The words practically explode out of me, so loud that Ms. Aguilar lets out a little squeak from the front of the room.
I ignore her, and so does Jude.
To his very small credit, he doesn’t try to pretend my question is about the assignment. But he doesn’t answer, either. He just watches me out of eyes that seem much older than his years, eyes that have always seen way more than I want to show.
But this time, I stare back. I’ve spent too many months—too many years—looking away, trying to hide the maelstrom of emotions inside of me. But Serena’s death, my mom’s betrayal, and Jude’s latest bullshit have collided to make me feel as volatile as the storm that’s building outside. Screw keeping a low profile. I’m done pretending.
“Is everything okay over here?” Ms. Aguilar asks nervously, and I glance up only to realize that Jude and I have been staring at each other long enough for her to cross the whole room.
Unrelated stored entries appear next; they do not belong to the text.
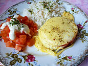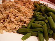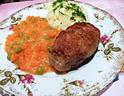 U mnie pierś z kurczaka, ziemniaki i marchewka z groszkiem. Chociaż jakby była sama marchewka z groszkiem w ilości całej reszty to by  było jeszcze pyszniej :)
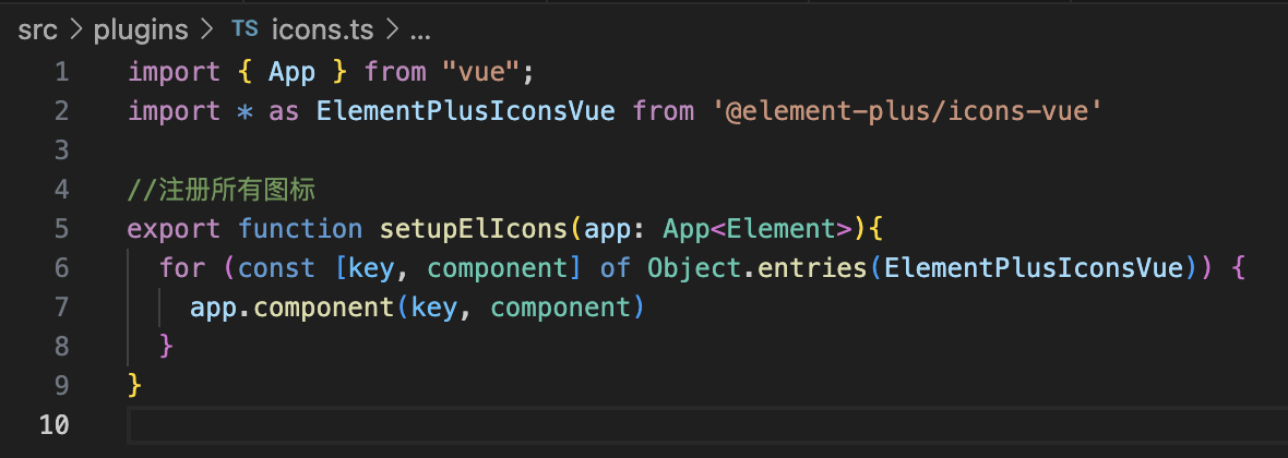 npm install @element-plus/icons-vue2、新建src/plugins/icons.ts文件,进行统一注册,内容如下:
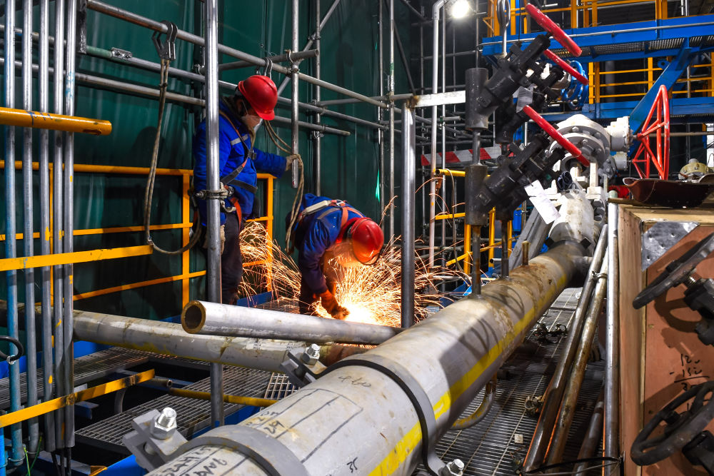 2月12日,工人在位于吉林省吉林市的中國(guó)石油吉林石化公司煉油化工轉(zhuǎn)型升級(jí)項(xiàng)目120萬(wàn)噸/年乙烯裝置建設(shè)現(xiàn)場(chǎng)施工作業(yè)。新華社記者 許暢 攝

“Everything’s okay,” Jude tells her, but his intense gaze never leaves mine.
I don’t even try to disguise the harsh laugh that comes from my throat. Because nothing is okay. Not with Jude. Not with Serena. Not with anyone or anything in this whole messed-up school.
“Are you—” She breaks off as the classroom door opens. She pivots, clearly grateful for the distraction.
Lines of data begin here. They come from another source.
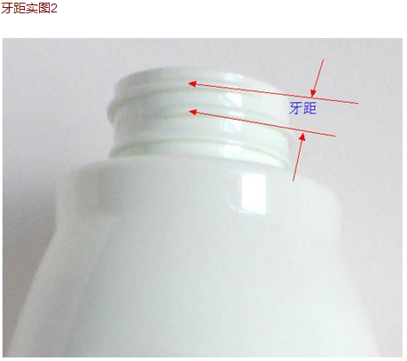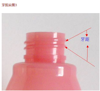 接下來我們還要來認(rèn)識(shí)一下很少用,但也十分重要的部份,就是牙距與牙型。 在這里先簡(jiǎn)單的說解一下,第二篇“瓶口與瓶蓋的關(guān)系”我們會(huì)詳細(xì)解說一旦牙型、牙距不正確了,那么就配不上蓋子或是配上了也會(huì)出現(xiàn)滑牙(脫牙)或是漏液等不良情況。我們這里先認(rèn)識(shí)下牙距與測(cè)量方法,如圖
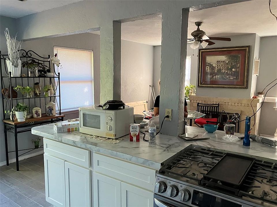 Modern finishes and fixturesNew countertopsFully fenced backyardFresh paintLarge corner lotRefinished fireplaceNew flooring
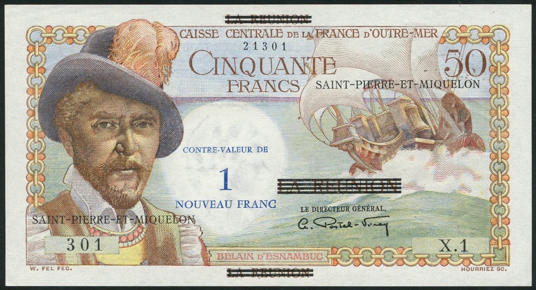 (x) Caisse Centrale de la France d'Outre-Mer, Saint Pierre et Miquelon, 1 new franc on 50 francs, ND (1960 provisional issue), serial number X.1 301, multicoloured, Pierre Belain d'Esnambuc at left, galleon at right, La Reunion struck out at low right and in margins, 1 nouveau franc overprint
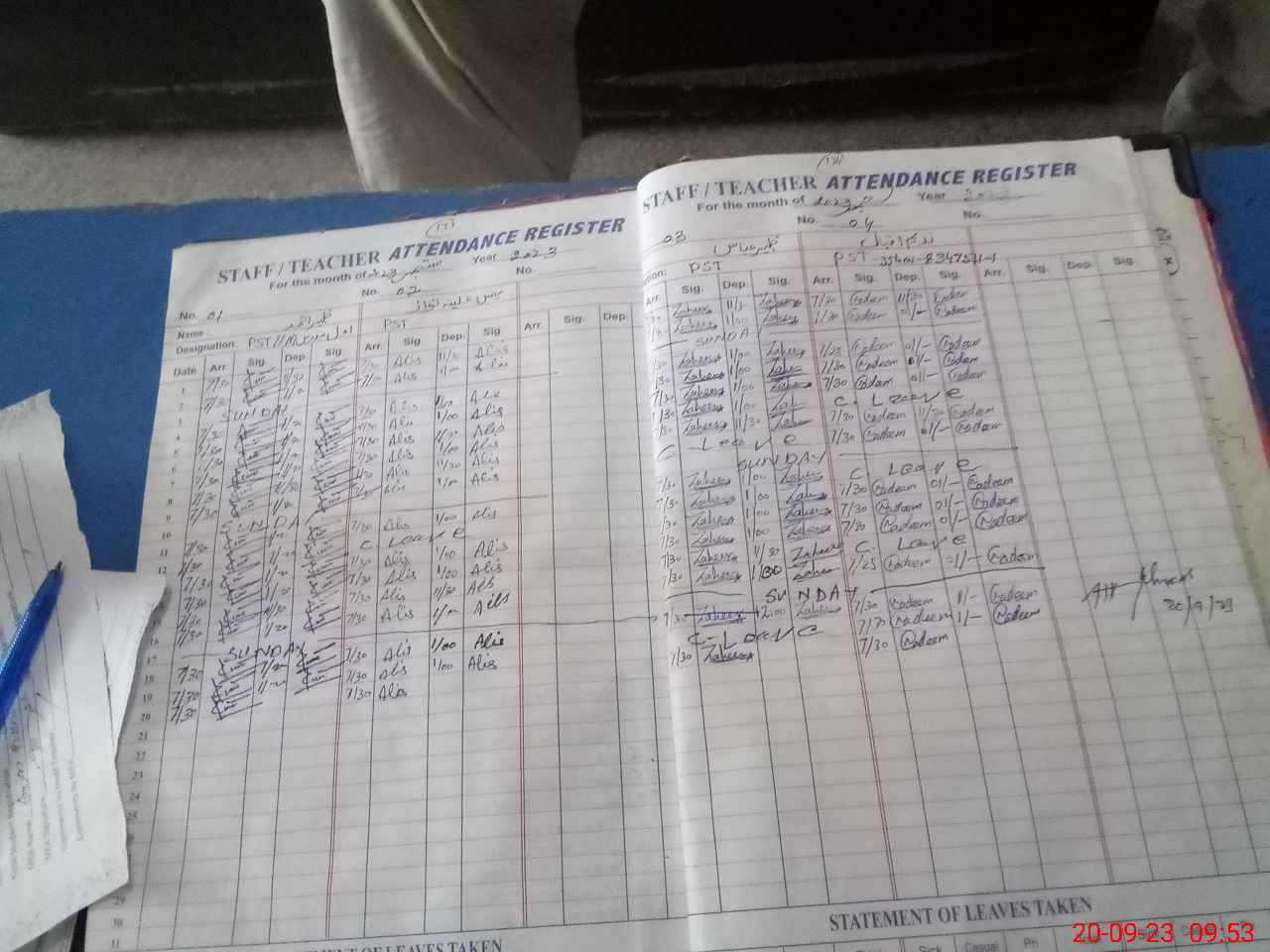 | Name: RI**** SA**** Designation: (School Headmaster's/Headmistress's) PST Phone/Cell Number: 03**** |
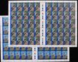 | 739 Click for more photos | 3d Blue varieties inc single wmk blk of 4 with 3 flaws (1L18, ACSC 104Bd), 2 blk of 4 (diff shades) with 'spot over E' (3/4R11, ACSC 105E(3,4)o, blk of 6 with 'retouch SW cnr' (3/4R60, ACSC 104E(3,4r), superb type A MUH marginal single with inverted wmk, Small Multi perf 13½x12½ John Ash imprint blk of 4, 3 blks have type B (4) varieties, so there are also 4 type A-B prs. Mainly F-VF MLH/MUH. SG 79(var). ACSC cat $3900+. Ex Sandy. (27) | AVAILABLE at A$500 | ||
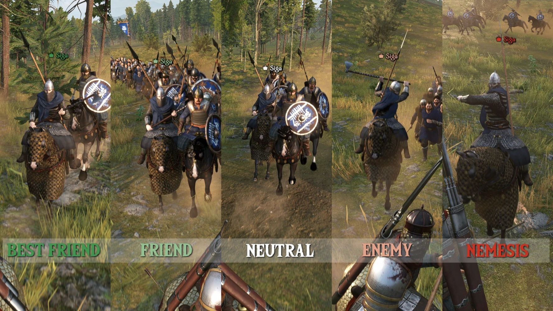 Устали от однообразия лордов в сражениях? Nemesis призван оживить ситуацию. Благодаря стараниям его автора, лорды перестанут быть молчаливыми статистами и начнут осыпать вас насмешками и оскорблениями посреди битвы. Приготовьтесь к незабываемым впечатлениям на поле боя, где скрещиваются мечи и летят остроумные реплики. На данный момент в моде представлены несколько записанных профессиональными актерами голоса - как мужской и женский, а также множество основанных на них уникальных голосовых паттернов, отличающихся по игровым фракциям. Лорды реагируют на действия игрока в бою, включая его удары и блоки. Кроме того, теперь цвет имени будет отображать ваши отношения с лордом.
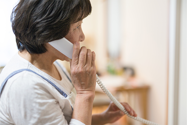 「お金が必要だ」、「お金がもらえる」といったいかにも怪しい電話はもちろん、言葉巧みに家族構成を聞き出したり、子どもや孫の名前、資産に関する情報を言わせたりしようとする電話は、少々強引でも一度切ってしまうのが安全です。その上で、家族など周囲の人に相談してみましょう。1人で対応すると、冷静な時には思いもよらないような判断をしてしまうこともあります。家族とも「なにかあったらすぐ相談する・相談してほしい」とあらかじめ頼んでおくと良いでしょう。

“How can I help you, young man?”
“My schedule changed, and I just got transferred to this class,” answers a voice with a slow, thick New Orleans accent that has my blood freezing in my veins.
No. Just no.
Because there is only one person in the whole of Calder Academy who has that accent—and I’ve done my best to stay as far away from it, and him, as I can since he showed up here a few weeks ago.
But apparently the universe has other plans for me today. First Serena, then Jude, and now this?
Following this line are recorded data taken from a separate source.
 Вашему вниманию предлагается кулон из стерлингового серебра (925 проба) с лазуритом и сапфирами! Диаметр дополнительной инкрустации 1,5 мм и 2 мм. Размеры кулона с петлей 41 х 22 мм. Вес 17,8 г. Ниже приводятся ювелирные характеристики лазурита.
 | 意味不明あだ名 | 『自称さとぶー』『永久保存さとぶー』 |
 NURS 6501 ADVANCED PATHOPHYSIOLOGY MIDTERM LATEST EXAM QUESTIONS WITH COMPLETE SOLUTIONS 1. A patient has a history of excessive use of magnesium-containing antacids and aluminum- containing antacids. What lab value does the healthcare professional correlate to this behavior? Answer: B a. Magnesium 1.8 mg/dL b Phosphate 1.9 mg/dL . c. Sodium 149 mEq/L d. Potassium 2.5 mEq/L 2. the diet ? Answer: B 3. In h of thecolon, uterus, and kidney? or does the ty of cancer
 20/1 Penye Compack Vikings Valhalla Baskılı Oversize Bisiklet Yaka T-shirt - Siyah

Ms. Aguilar walks to the front of the classroom and takes the slip of paper from the office that he holds out to her. “Remy Villanova Boudreax. Welcome to Brit Lit. We’re currently working on analyzing one of the greatest poets of all time.”
Her eyes scan the classroom, quickly darting past the Jean-Jerks before coming to rest on Jude and me. “Why don’t you go join Clementine and Jude’s group? I’m sure they’d love the…help.”